Let's consider the current node we are at, let's call it `current`.

1. If both `p` and `q` are **greater** than `current.val`, it means that the LCA must be in the **right** subtree. So, we move to the right child.

2. If both `p` and `q` are **less** than `current.val`, it means that the LCA must be in the **left** subtree. So, we move to the left child.

3. If one of `p` or `q` is greater than `current.val` and the other is less than `current.val` (or if one of them is equal to `current.val`), then `current` is the LCA.

This is because `p` and `q` are on opposite sides of the current node, meaning it's the split point and thus the lowest common ancestor.

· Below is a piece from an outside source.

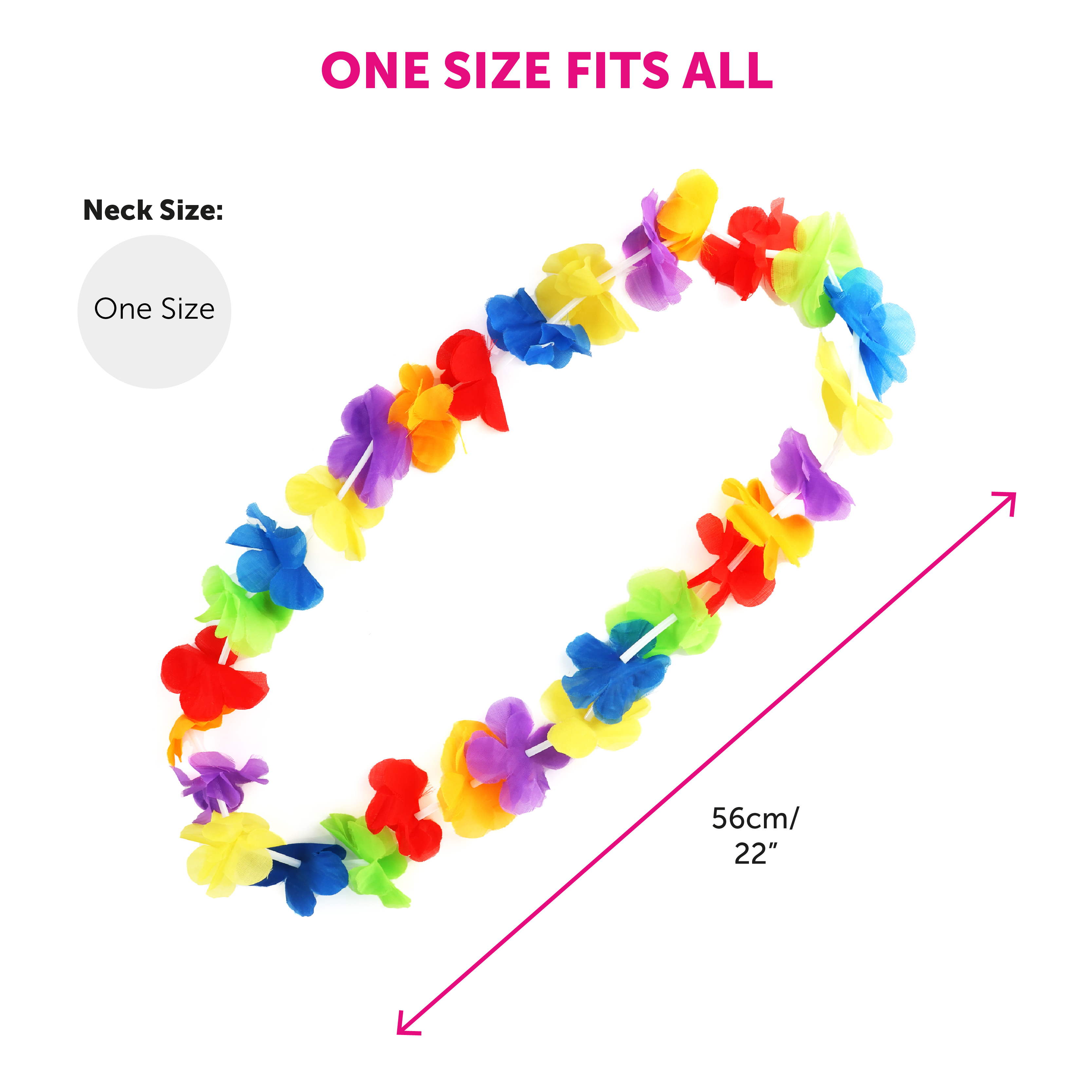 LEI MEASUREMENT: Your Rainbow Lei Flower Necklace is an approximate length of 56cm/22", this size makes them suitable for most to wear comfortably at any summer themed party and Pride events!

We can implement this logic both iteratively and recursively.

### Iterative Solution

```go

/**

* Definition for a binary tree node.

* type TreeNode struct {

* Val int

* Left *TreeNode

* Right *TreeNode

* }

*/

func lowestCommonAncestor(root, p, q *TreeNode) *TreeNode {

current := root

for current != nil {

if p.Val > current.Val && q.Val > current.Val {

current = current.Right

} else if p.Val < current.Val && q.Val < current.Val {

current = current.Left

} else {

return current

}

}

return nil // Should not be reached in a valid BST

}

```

### Recursive Solution

```go

/**

* Definition for a binary tree node.

* type TreeNode struct {

* Val int

* Left *TreeNode

* Right *TreeNode

* }

*/

func lowestCommonAncestor(root, p, q *TreeNode) *TreeNode {

if root == nil {

return nil

}

if p.Val > root.Val && q.Val > root.Val {

return lowestCommonAncestor(root.Right, p, q)

} else if p.Val < root.Val && q.Val < root.Val {

return lowestCommonAncestor(root.Left, p, q)

} else {

return root

}

}

```

Both of these solutions are very efficient, with a time complexity of O(H), where H is the height of the tree. In a balanced BST, this is O(log N), where N is the number of nodes.

The space complexity for the iterative solution is O(1), while the recursive solution has a space complexity of O(H) due to the call stack.

## Conclusion

Trees and Binary Search Trees are powerful data structures that are essential for any programmer's toolkit. By understanding their properties and the algorithms that operate on them, you can solve a wide range of problems efficiently.

The Lowest Common Ancestor problem is a perfect example of how the structure of a BST can be leveraged to find an elegant and optimal solution.